Your task: Retype the opening lines of the listing below, ending with the line that contains "Ud over swimmingpoolen", and leave out any pictures.

+--

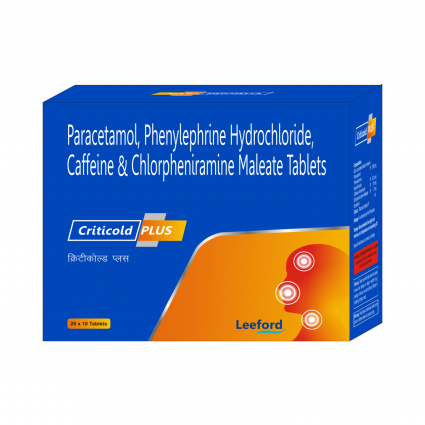 | DESCRIPTION: | Criticold Plus tablet is a combination medicine which contains Paracetamol an analgesic and antipyretic, Phenylephrine a decongestant, Chlorpheniramine a Anti-allergic and Caffeine a CNS stimulant.It is indicated for relief of nasal and sinus congestion, allergic symptoms of the nose or throat due to upper respiratory tract allergies, sinus pain and headache, adjunct with antibacterials in sinusitis, tonsillitis and otitis media. |
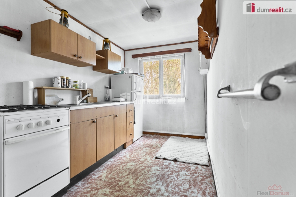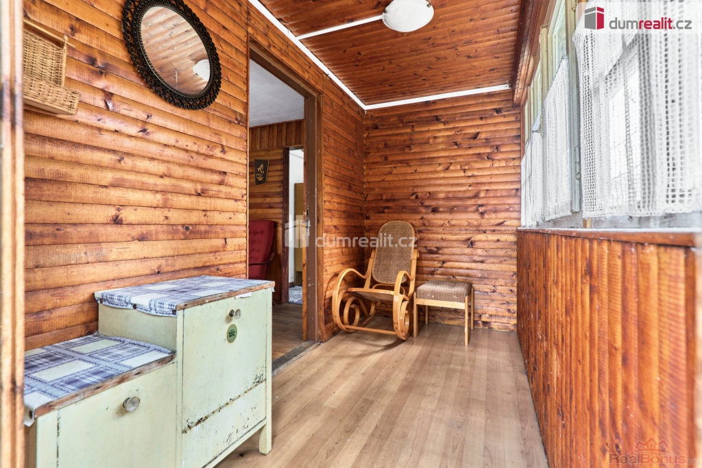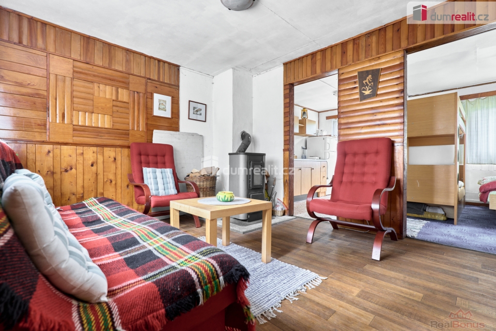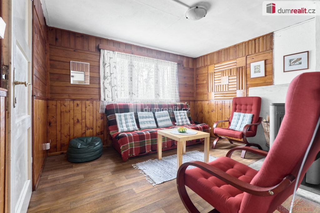 vč. právního servisu a provize RK, Dumrealit.cz Vám zprostředkuje Nabízíme exkluzivně k prodeji dřevěnou chatu v oblíbené rekreační oblasti u Velkého Rybníku nedaleko Karlových Varů. Poloha přímo v lese, těsně nad hrází, zaručuje klid, soukromí a ideální podmínky pro odpočinek i víkendové pobyty. Objekt je přízemní s předsíní, kuchyní, obývacím pokojem a ložnicí. Celková plocha pozemku je 488 m. Na něm je kromě samotné chaty ještě dřevěná kůlna na nářadí a dřevo. V místě jsou restaurace a menší prodejna, veškerá občanská vybavenost je dostupná v Hroznětíně (3 km), v Ostrově nebo Karlových Varech (obojí cca 9 km). Parkování je možné přímo na pozemku. Ev. číslo: 655395. Energetický štítek: G
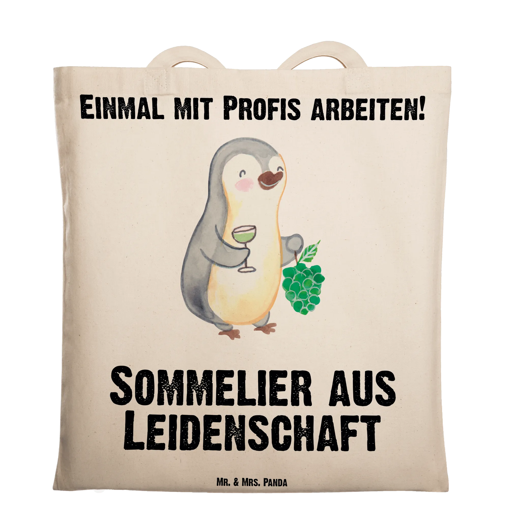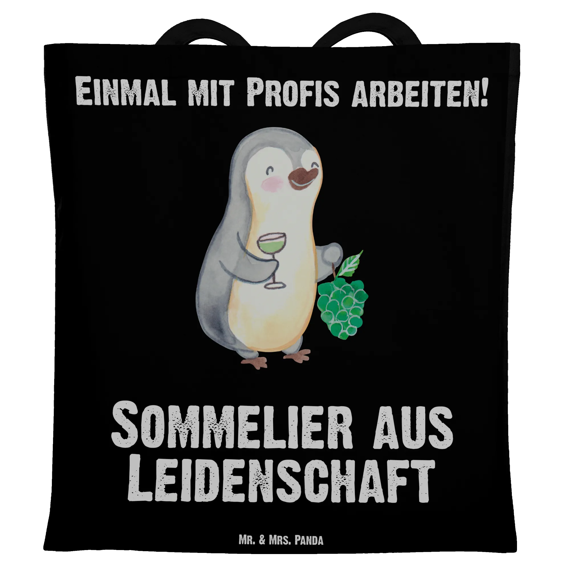 Mr. & Mrs. Panda Sommelier aus Leidenschaft Pinguin Motiv mit Weintrauben und Weinglas
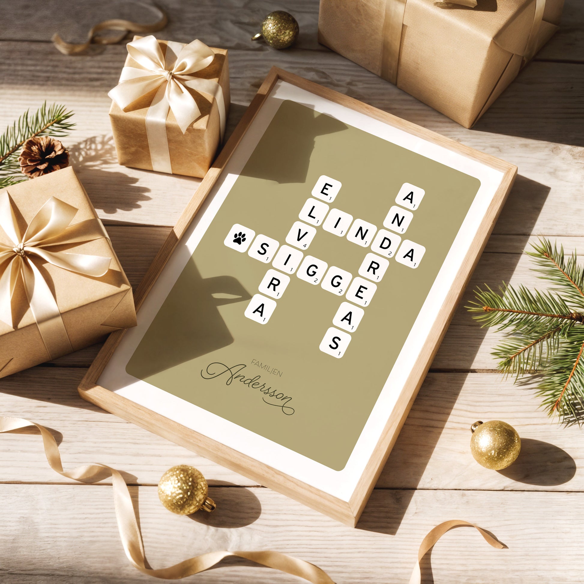 En personlig poster med dina önskade namn/ord sammanflätade i ett korsord med bokstavsbrickor inspirerat av Alfapet och Wordfeud. Ett presenttips vid t.ex. födelse, dop, bröllop, födelsedag och mors/fars dag som ger livets viktigaste minnen och relationer den plats de förtjänar i hemmet.
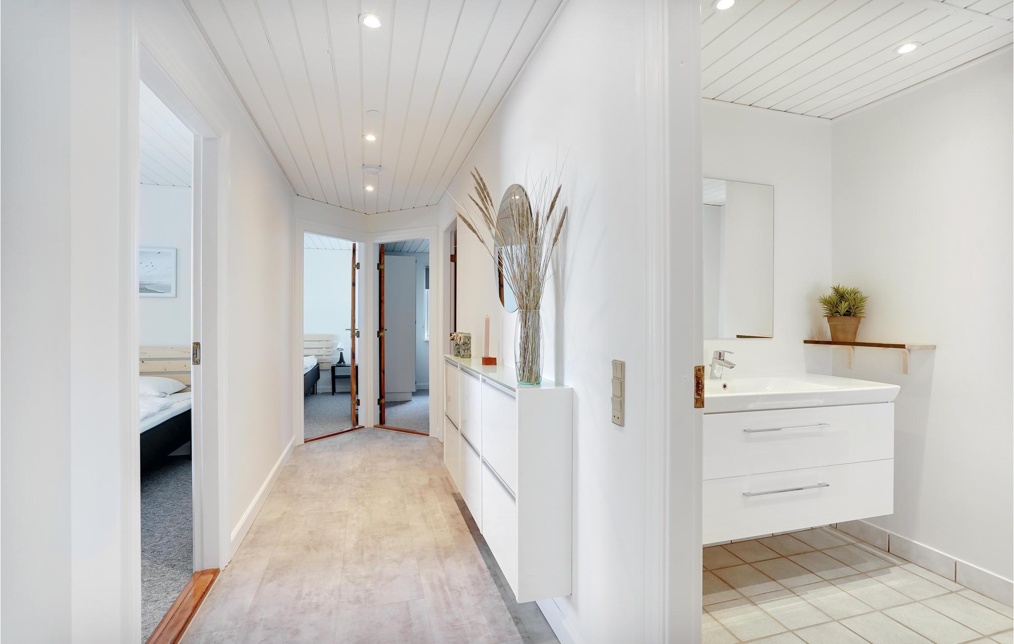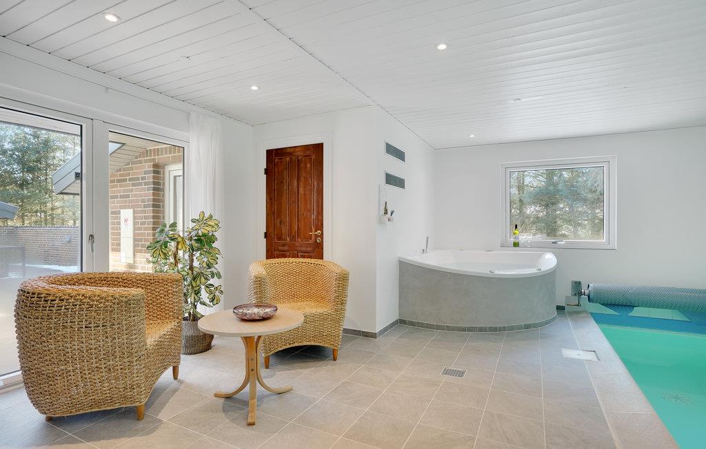 Ud over swimmingpoolen kan I også nyde såvel spabadet som saunaen, efter en frisk gåtur langs havet eller de skønne skovområder lige uden for døren. Ud over de fem soveværelser giver husets indgang og bryggers lidt ekstra plads, så ferien fungerer optimalt. Fra stuen har I nem adgang til den dejlige terrasse med gode læmuligheder, hvor I både kan nyde solen og hygge med lækker mad om aftenen. Haven byder også på et legetårn til børnene, og fra huset er der desuden udsigt til den flotte golfbane.
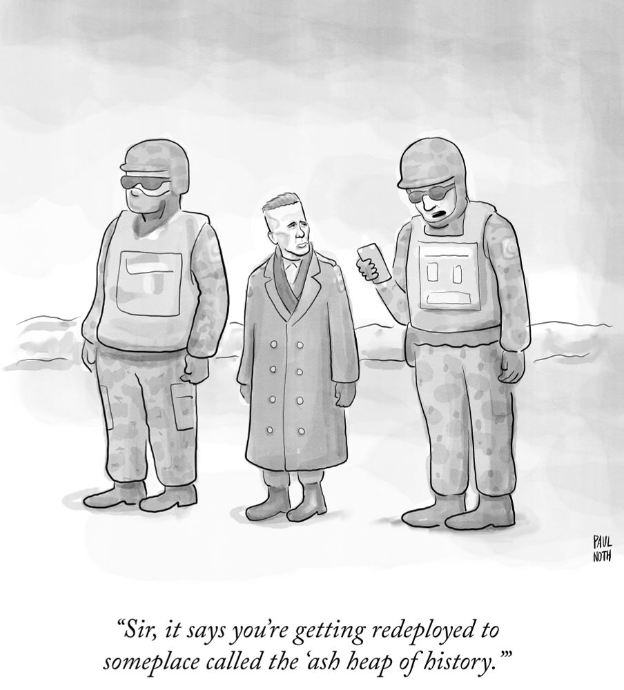 Unfortunately, or fortunately, Bovino is being replaced by Tom Homan, a slobbering lunk who talks like he has a mouthful of marbles — or something — and is going to be equally easy to caricature. Isn’t it remarkable how so many of the Trump acolytes are like goofy comic book villains, with their ready suite of silly features? It’s Dick Tracy or Batman all over again.
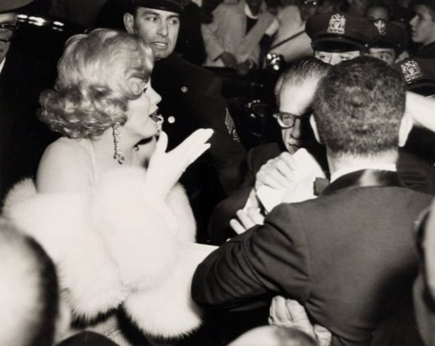 Marilyn greets the press at the premiere of Some Like It Hot at the Loew’s Capitol Theatre on Broadway on March 28, 1959, with Arthur Miller just visible to her left.
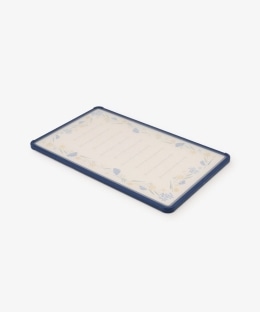 | 素材 | 外側:ポリプロピレン 縁部:熱可塑性エラストマー 芯材:発泡ポリエチレンシート 抗菌加工(縁部除く):無機抗菌剤、練込 |
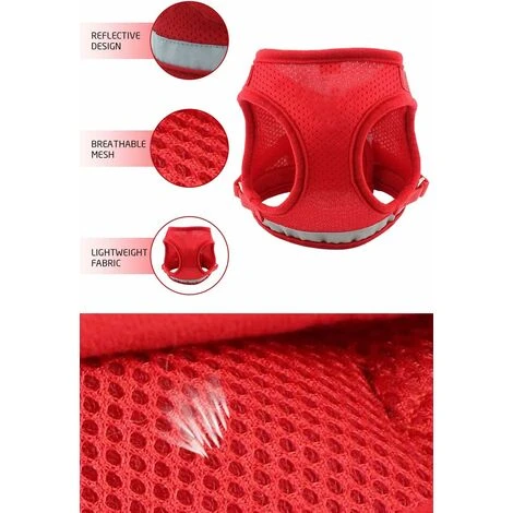 La sangle de poitrine pour animaux de compagnie est conçue avec un tissu en maille de polyester, le tissu est doux, ne tirera pas les poils de l’animal et n’endommagera pas la peau de votre animal.La grille de petits trous délicate et confortable n’est pas étouffante et très respirante.
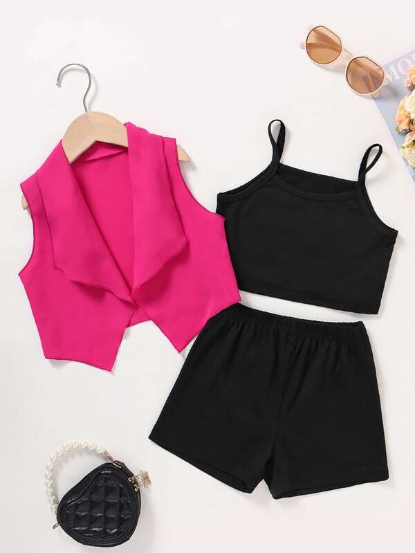 Toddler Girls Shawl Collar Vest Jacket & Shorts & Cami Top
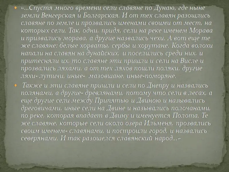 "…Спустя много времени сели славяне по Дунаю, где ныне земли Венгерская и Болгарская. И от тех славян разошлись славяне по земле и прозвались именами своими от мест, на которых сели. Так, одни, придя, сели на реке именем Морава и призвались морава, а другие назвались чехи. А вот еще те же славяне: белые хорваты, сербы и хорутане. Когда волохи напали на славян на дунайских, и поселились среди них, и притесняли их, то славяне эти пришли и сели на Висле и прозвались ляхами, а от тех ляхов пошли поляки, другие ляхи- лутичи, иные- мазовшане, иные-поморяне.
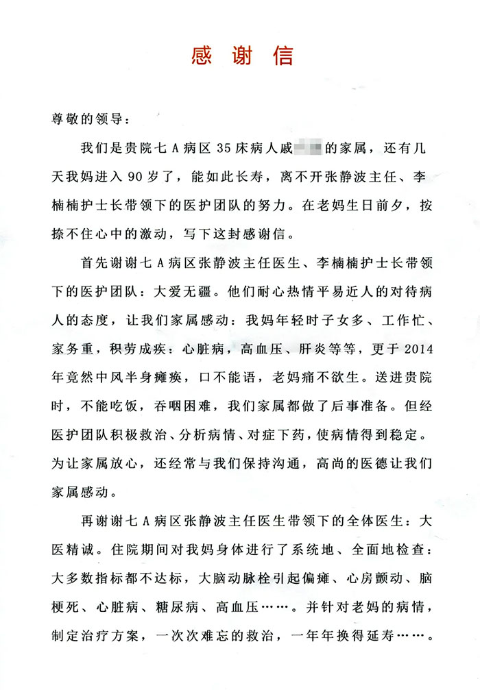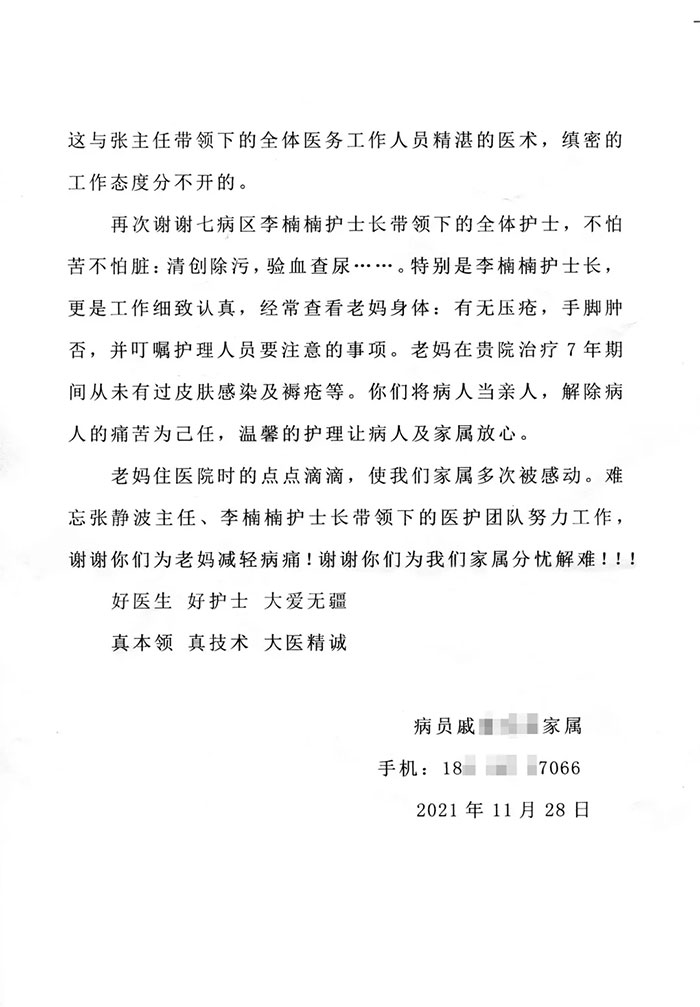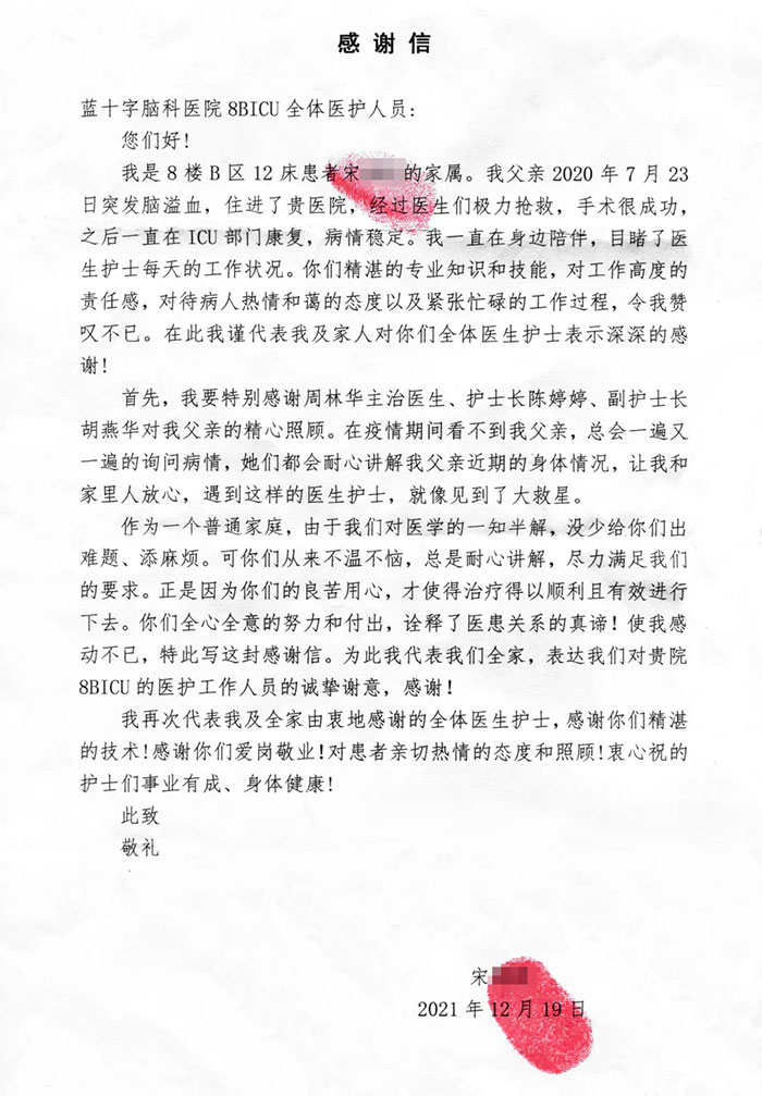 重拾健康,患者的感謝就是最美的勛章。真摯的情意灑落紙間,烙燙進(jìn)每一位醫(yī)護(hù)人員的心田。無(wú)論是6A神經(jīng)外科病區(qū)醫(yī)護(hù)團(tuán)隊(duì),7B腦血管病科團(tuán)隊(duì),還是8B神經(jīng)內(nèi)科重癥監(jiān)護(hù)室的全體醫(yī)護(hù),在12月這個(gè)冬季,感受到的不只是寒冷,還有來(lái)自患者的“暖陽(yáng)”。

+--

Reply to the exercise:
 | DESCRIPTION: | Criticold Plus tablet is a combination medicine which contains Paracetamol an analgesic and antipyretic, Phenylephrine a decongestant, Chlorpheniramine a Anti-allergic and Caffeine a CNS stimulant.It is indicated for relief of nasal and sinus congestion, allergic symptoms of the nose or throat due to upper respiratory tract allergies, sinus pain and headache, adjunct with antibacterials in sinusitis, tonsillitis and otitis media. |
 vč. právního servisu a provize RK, Dumrealit.cz Vám zprostředkuje Nabízíme exkluzivně k prodeji dřevěnou chatu v oblíbené rekreační oblasti u Velkého Rybníku nedaleko Karlových Varů. Poloha přímo v lese, těsně nad hrází, zaručuje klid, soukromí a ideální podmínky pro odpočinek i víkendové pobyty. Objekt je přízemní s předsíní, kuchyní, obývacím pokojem a ložnicí. Celková plocha pozemku je 488 m. Na něm je kromě samotné chaty ještě dřevěná kůlna na nářadí a dřevo. V místě jsou restaurace a menší prodejna, veškerá občanská vybavenost je dostupná v Hroznětíně (3 km), v Ostrově nebo Karlových Varech (obojí cca 9 km). Parkování je možné přímo na pozemku. Ev. číslo: 655395. Energetický štítek: G
 Mr. & Mrs. Panda Sommelier aus Leidenschaft Pinguin Motiv mit Weintrauben und Weinglas
 En personlig poster med dina önskade namn/ord sammanflätade i ett korsord med bokstavsbrickor inspirerat av Alfapet och Wordfeud. Ett presenttips vid t.ex. födelse, dop, bröllop, födelsedag och mors/fars dag som ger livets viktigaste minnen och relationer den plats de förtjänar i hemmet.
 Ud over swimmingpoolen kan I også nyde såvel spabadet som saunaen, efter en frisk gåtur langs havet eller de skønne skovområder lige uden for døren. Ud over de fem soveværelser giver husets indgang og bryggers lidt ekstra plads, så ferien fungerer optimalt. Fra stuen har I nem adgang til den dejlige terrasse med gode læmuligheder, hvor I både kan nyde solen og hygge med lækker mad om aftenen. Haven byder også på et legetårn til børnene, og fra huset er der desuden udsigt til den flotte golfbane.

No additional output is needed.